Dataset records
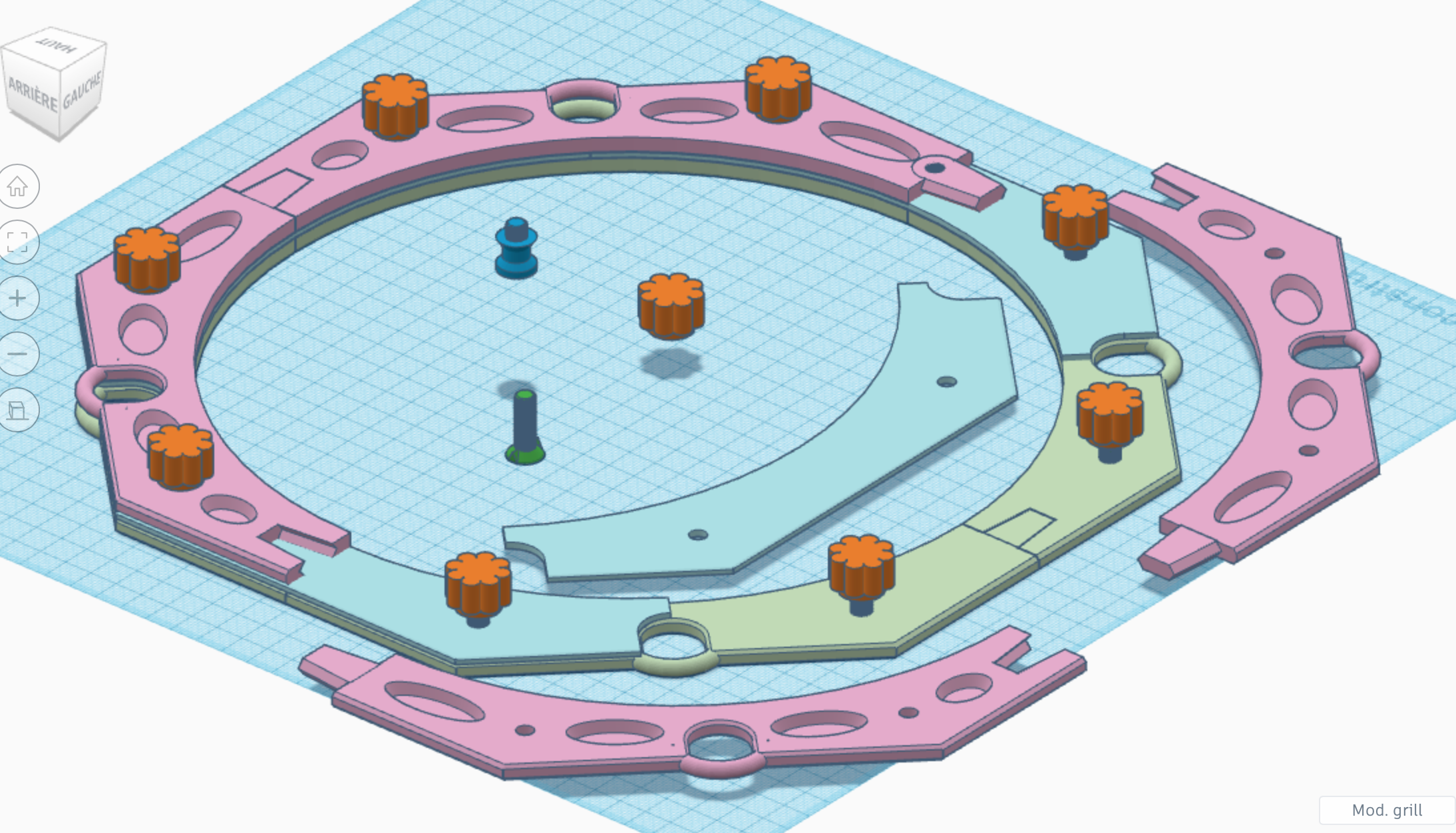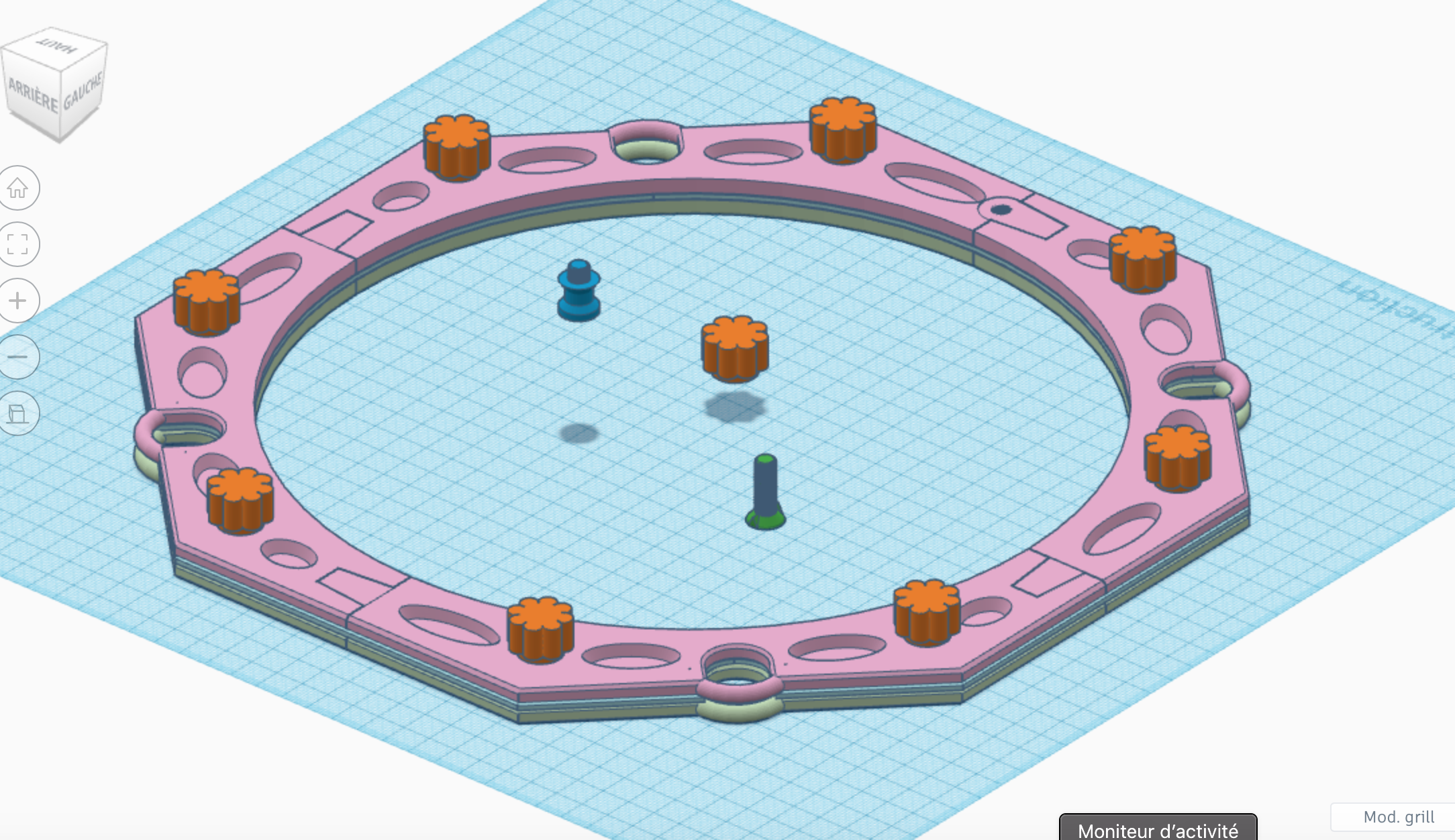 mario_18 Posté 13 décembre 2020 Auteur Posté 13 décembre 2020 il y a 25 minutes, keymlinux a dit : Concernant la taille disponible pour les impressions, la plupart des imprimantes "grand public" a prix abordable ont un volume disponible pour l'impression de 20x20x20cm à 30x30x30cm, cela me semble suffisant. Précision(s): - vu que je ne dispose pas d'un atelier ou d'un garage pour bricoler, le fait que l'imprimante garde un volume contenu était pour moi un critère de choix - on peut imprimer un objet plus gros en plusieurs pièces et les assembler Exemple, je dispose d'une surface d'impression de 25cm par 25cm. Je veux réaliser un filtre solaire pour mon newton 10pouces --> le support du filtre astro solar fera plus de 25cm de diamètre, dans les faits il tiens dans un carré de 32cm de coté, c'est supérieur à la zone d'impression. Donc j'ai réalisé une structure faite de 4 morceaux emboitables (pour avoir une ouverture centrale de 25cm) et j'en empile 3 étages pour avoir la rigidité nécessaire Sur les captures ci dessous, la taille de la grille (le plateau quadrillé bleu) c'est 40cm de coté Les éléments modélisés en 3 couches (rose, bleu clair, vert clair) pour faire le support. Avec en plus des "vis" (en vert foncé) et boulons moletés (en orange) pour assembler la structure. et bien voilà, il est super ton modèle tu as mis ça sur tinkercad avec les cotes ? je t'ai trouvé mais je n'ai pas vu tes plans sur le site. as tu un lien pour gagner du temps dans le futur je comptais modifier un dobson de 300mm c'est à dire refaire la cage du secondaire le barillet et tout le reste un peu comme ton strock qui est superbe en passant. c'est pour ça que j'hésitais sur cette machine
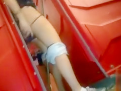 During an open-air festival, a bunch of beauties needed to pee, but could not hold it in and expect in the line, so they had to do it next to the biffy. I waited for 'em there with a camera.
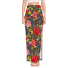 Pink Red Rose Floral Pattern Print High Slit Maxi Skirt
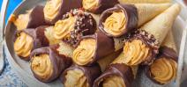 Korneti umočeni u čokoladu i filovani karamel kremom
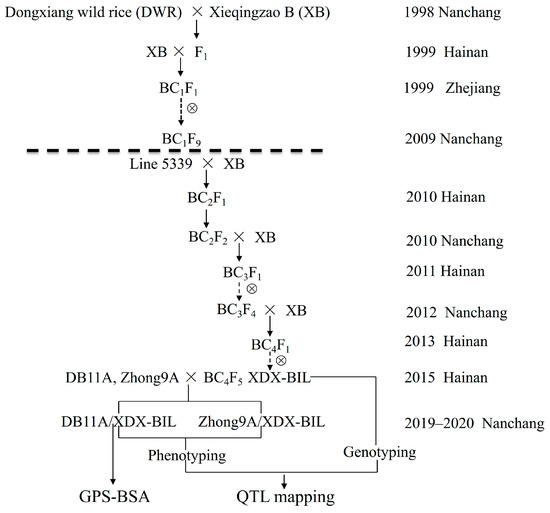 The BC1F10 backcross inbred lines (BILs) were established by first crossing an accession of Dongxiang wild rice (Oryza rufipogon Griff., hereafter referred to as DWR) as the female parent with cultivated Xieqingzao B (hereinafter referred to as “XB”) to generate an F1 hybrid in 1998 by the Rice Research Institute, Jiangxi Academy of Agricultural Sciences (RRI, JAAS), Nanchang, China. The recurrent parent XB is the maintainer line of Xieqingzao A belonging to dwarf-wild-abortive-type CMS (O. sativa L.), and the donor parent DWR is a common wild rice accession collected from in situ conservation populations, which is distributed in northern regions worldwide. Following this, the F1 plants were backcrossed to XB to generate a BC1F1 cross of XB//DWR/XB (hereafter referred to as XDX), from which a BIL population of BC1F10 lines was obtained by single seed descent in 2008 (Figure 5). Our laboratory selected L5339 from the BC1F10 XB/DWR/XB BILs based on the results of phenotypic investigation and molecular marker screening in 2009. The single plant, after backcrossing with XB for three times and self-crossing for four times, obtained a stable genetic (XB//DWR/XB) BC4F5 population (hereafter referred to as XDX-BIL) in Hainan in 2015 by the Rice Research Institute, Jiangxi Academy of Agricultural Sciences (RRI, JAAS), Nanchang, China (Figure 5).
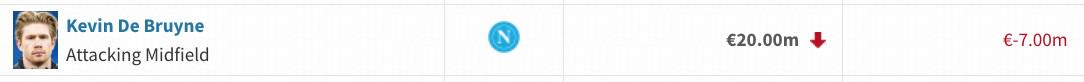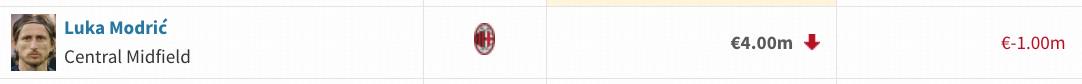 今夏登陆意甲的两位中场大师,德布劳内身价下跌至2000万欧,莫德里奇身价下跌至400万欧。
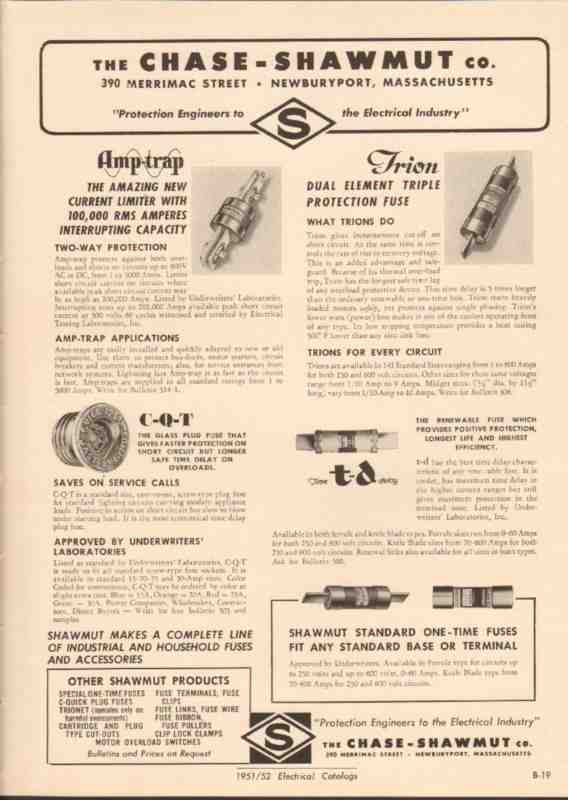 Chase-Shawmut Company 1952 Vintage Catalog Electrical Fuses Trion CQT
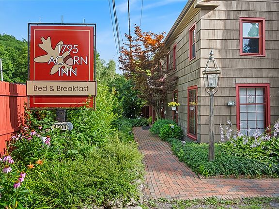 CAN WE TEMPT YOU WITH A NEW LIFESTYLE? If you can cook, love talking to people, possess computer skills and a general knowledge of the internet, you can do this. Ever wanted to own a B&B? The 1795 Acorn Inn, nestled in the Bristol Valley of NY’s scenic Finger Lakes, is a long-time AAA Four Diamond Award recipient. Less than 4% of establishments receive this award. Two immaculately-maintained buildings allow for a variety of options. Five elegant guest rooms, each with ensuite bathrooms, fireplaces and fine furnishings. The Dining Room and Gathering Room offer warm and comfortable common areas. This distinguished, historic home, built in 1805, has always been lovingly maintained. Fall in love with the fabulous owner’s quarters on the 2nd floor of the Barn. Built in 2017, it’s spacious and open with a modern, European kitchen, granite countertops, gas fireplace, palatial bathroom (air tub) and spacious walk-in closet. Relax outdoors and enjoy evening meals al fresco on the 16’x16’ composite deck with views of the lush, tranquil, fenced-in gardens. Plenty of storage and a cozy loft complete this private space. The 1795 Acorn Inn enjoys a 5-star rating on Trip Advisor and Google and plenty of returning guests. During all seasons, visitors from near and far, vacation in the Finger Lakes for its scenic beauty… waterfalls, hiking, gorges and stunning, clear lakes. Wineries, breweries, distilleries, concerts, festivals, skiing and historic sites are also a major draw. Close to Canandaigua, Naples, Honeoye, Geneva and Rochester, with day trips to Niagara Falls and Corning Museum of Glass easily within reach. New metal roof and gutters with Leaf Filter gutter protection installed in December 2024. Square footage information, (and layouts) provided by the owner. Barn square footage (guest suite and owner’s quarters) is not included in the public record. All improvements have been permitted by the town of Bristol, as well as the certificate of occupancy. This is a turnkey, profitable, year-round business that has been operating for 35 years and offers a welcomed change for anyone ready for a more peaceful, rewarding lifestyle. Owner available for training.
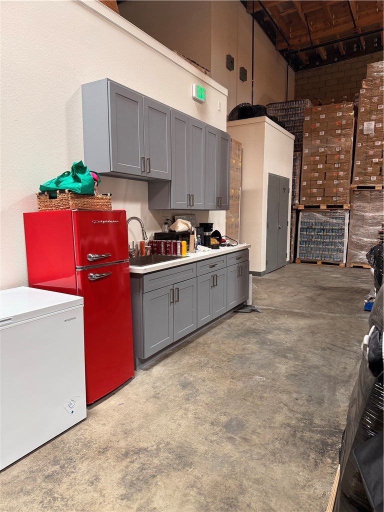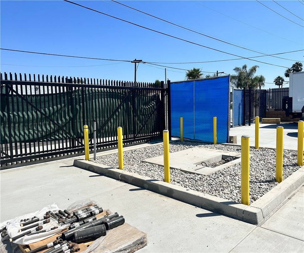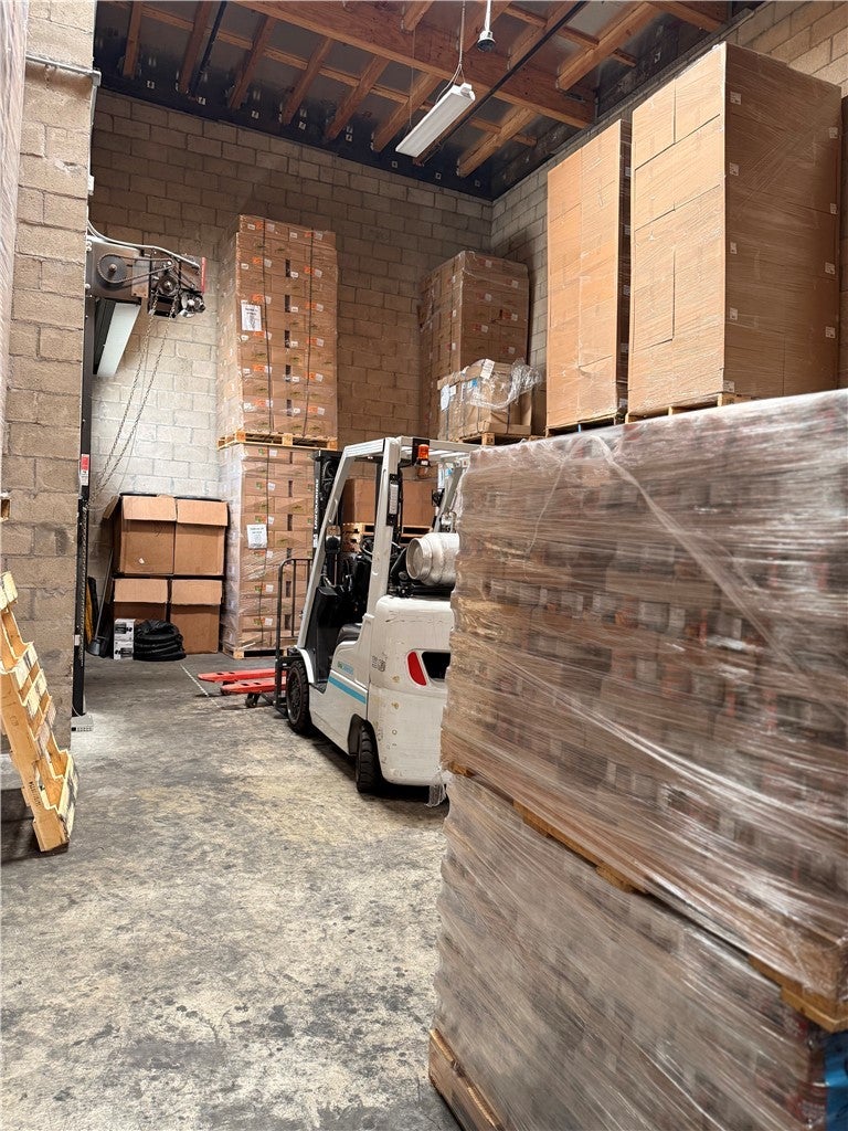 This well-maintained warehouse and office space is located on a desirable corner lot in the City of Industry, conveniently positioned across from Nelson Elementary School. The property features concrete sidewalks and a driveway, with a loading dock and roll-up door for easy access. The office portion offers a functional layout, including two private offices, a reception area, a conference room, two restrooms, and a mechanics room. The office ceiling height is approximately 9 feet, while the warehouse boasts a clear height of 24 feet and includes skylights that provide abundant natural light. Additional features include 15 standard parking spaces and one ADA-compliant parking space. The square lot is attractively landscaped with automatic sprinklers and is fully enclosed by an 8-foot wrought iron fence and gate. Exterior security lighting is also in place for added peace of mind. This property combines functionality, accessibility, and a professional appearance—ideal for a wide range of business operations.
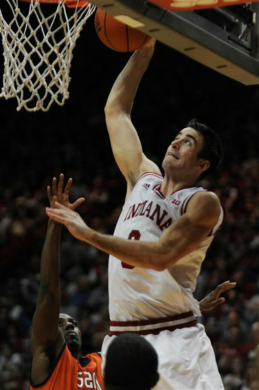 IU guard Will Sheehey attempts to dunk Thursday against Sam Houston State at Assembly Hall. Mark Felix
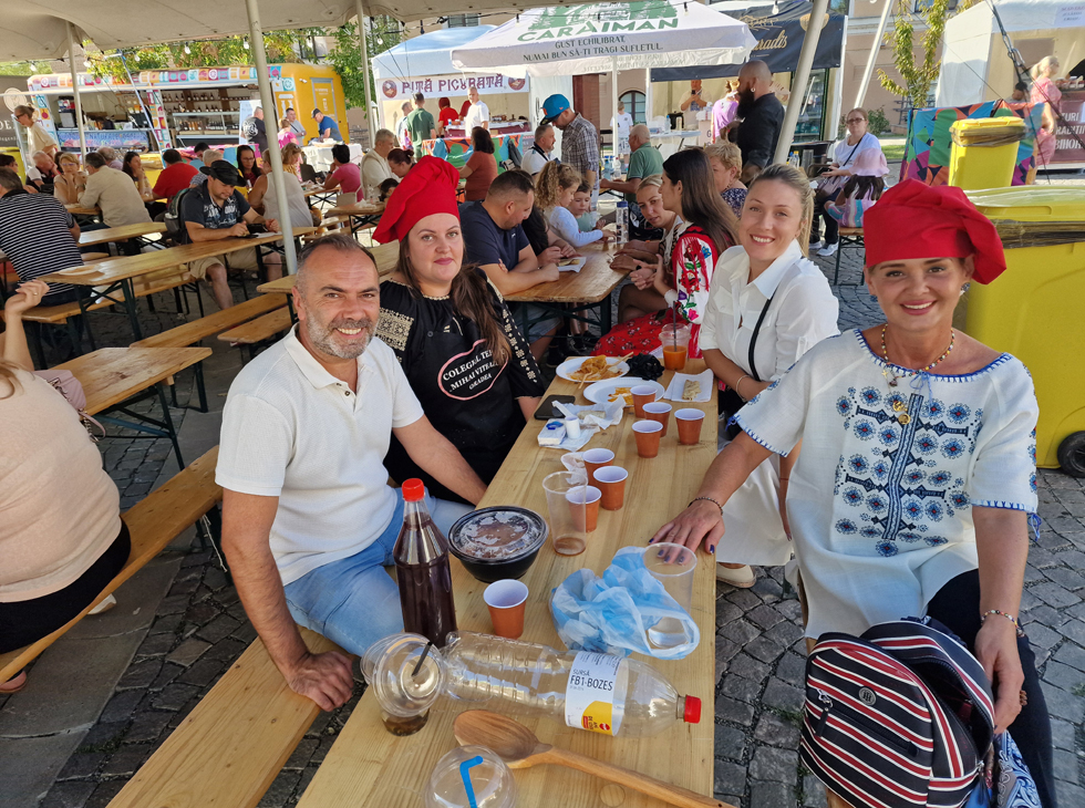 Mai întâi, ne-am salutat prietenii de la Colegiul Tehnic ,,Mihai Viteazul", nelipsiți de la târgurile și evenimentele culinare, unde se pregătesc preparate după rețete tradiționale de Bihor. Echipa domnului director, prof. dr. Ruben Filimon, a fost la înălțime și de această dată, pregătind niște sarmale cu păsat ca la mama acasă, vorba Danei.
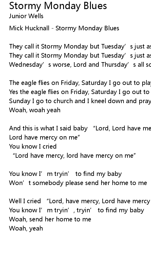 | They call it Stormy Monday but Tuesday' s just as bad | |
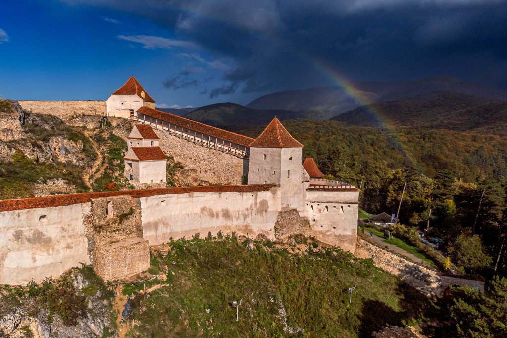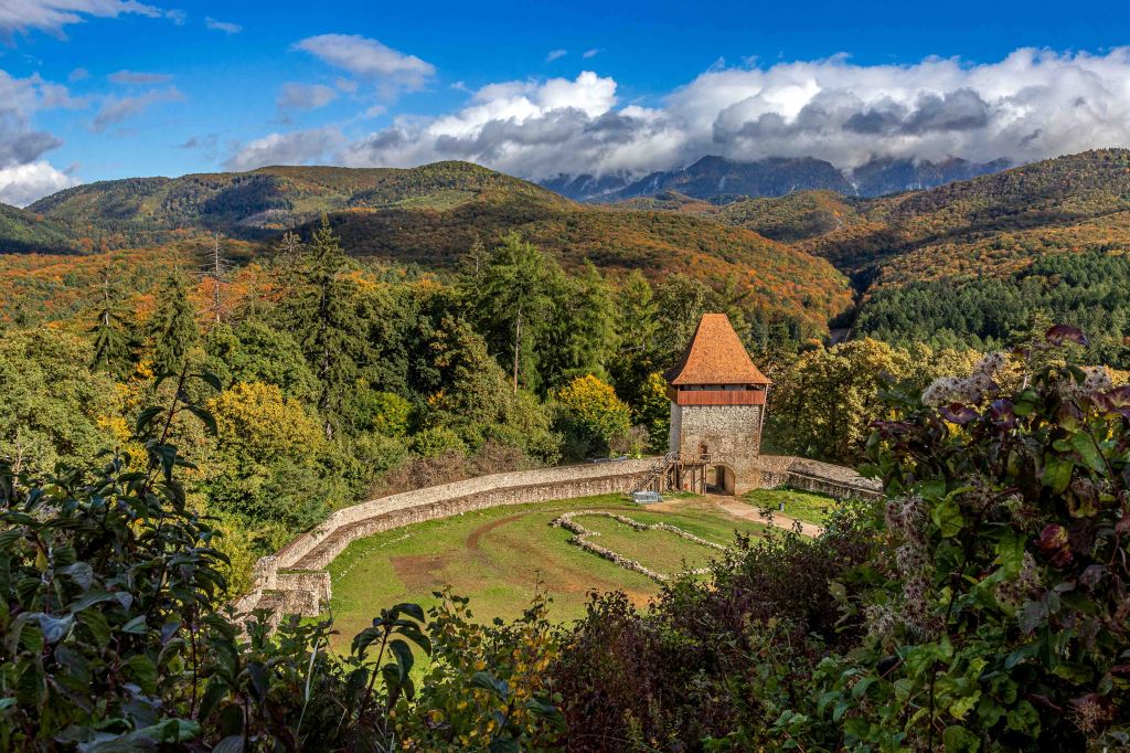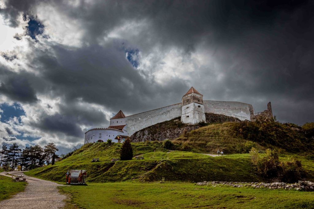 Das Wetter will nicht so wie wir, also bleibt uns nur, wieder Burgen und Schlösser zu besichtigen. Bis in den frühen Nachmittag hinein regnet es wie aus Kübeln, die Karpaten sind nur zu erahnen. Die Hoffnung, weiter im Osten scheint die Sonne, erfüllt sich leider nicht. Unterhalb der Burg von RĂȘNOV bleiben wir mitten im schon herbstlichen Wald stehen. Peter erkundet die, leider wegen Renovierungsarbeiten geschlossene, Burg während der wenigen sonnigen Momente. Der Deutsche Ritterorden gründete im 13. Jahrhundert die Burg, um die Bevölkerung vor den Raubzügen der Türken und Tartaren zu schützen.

◆ EXERCISE REQUIREMENTS: Quote the lines above exactly, starting with the one that has "Mai întâi, ne-am" and ending with the one that has "just as bad | |"; drop the pictures and include nothing else.

◆ ANSWER TO THIS TASK:
 Mai întâi, ne-am salutat prietenii de la Colegiul Tehnic ,,Mihai Viteazul", nelipsiți de la târgurile și evenimentele culinare, unde se pregătesc preparate după rețete tradiționale de Bihor. Echipa domnului director, prof. dr. Ruben Filimon, a fost la înălțime și de această dată, pregătind niște sarmale cu păsat ca la mama acasă, vorba Danei.
 | They call it Stormy Monday but Tuesday' s just as bad | |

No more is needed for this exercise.